## Exercise goal
A verbatim repetition of the data below is requested, without images.
** Provided material follows **
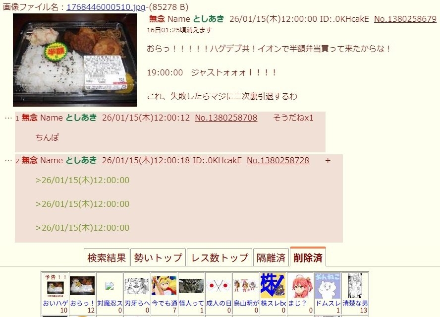 おらっ!!!!!ハゲデブ共!イオンで半額弁当買って来たからな!削除された記事が2件あります.見る
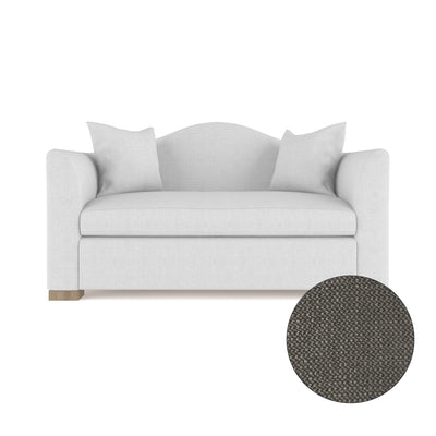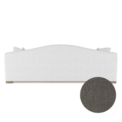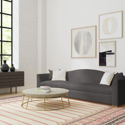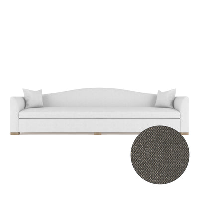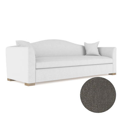 Transforms your living space with this modern interpretation of the classic camelback sofa design. A single graceful arch curves with symmetry atop the sofa back. The long, low bench seat has a contemporary flat profile flanked by tapered armrests and two square accent pillows.
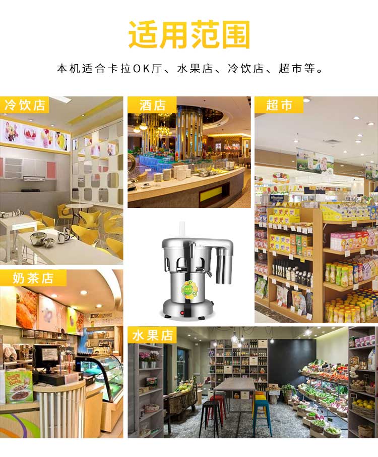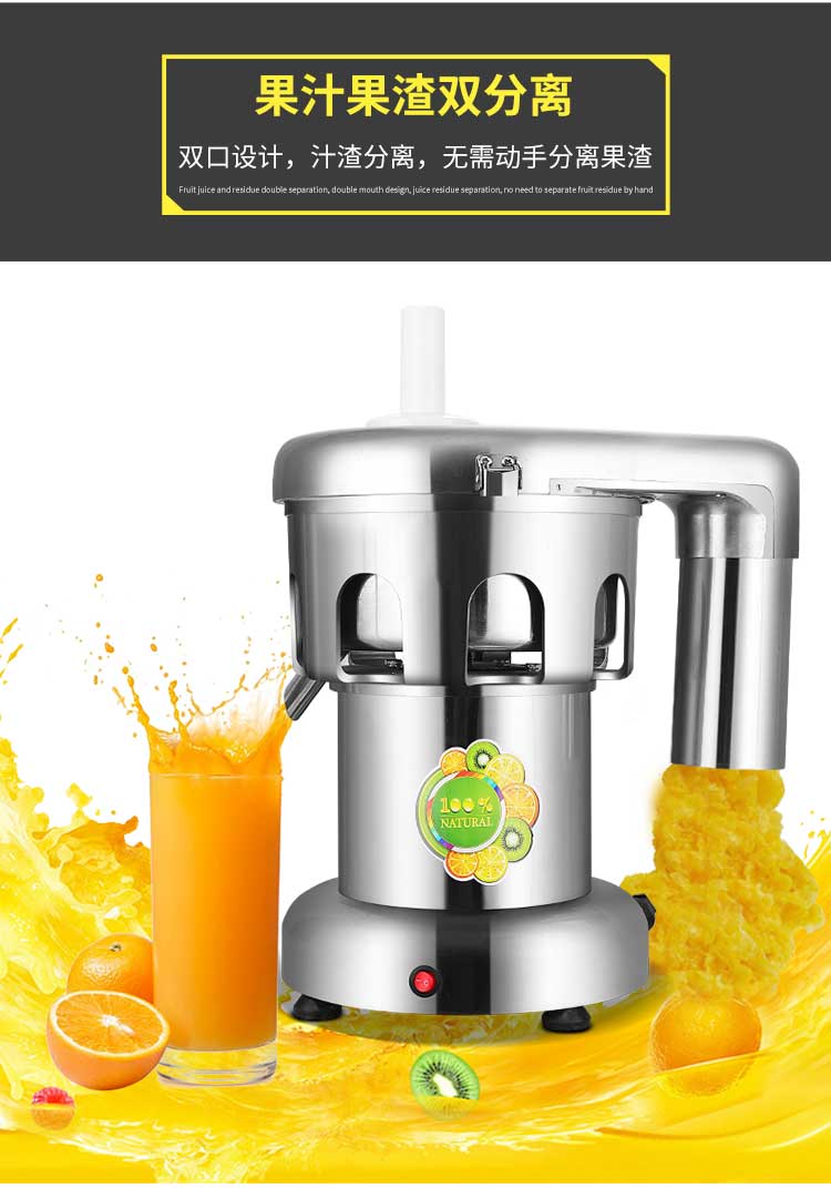 WF-A2000商用榨汁機(jī),該機(jī)所榨出的汁液是現(xiàn)榨的原汁,不含任何人為的防腐劑、穩(wěn)定劑、色素、香精、水等,凡與榨汁接觸的原件均為不銹鋼和無(wú)毒塑料聚丙烯和 A.B.S,食用安全。
** End of Provided material **
## Answer to this exercise
 おらっ!!!!!ハゲデブ共!イオンで半額弁当買って来たからな!削除された記事が2件あります.見る
 Transforms your living space with this modern interpretation of the classic camelback sofa design. A single graceful arch curves with symmetry atop the sofa back. The long, low bench seat has a contemporary flat profile flanked by tapered armrests and two square accent pillows.
 WF-A2000商用榨汁機(jī),該機(jī)所榨出的汁液是現(xiàn)榨的原汁,不含任何人為的防腐劑、穩(wěn)定劑、色素、香精、水等,凡與榨汁接觸的原件均為不銹鋼和無(wú)毒塑料聚丙烯和 A.B.S,食用安全。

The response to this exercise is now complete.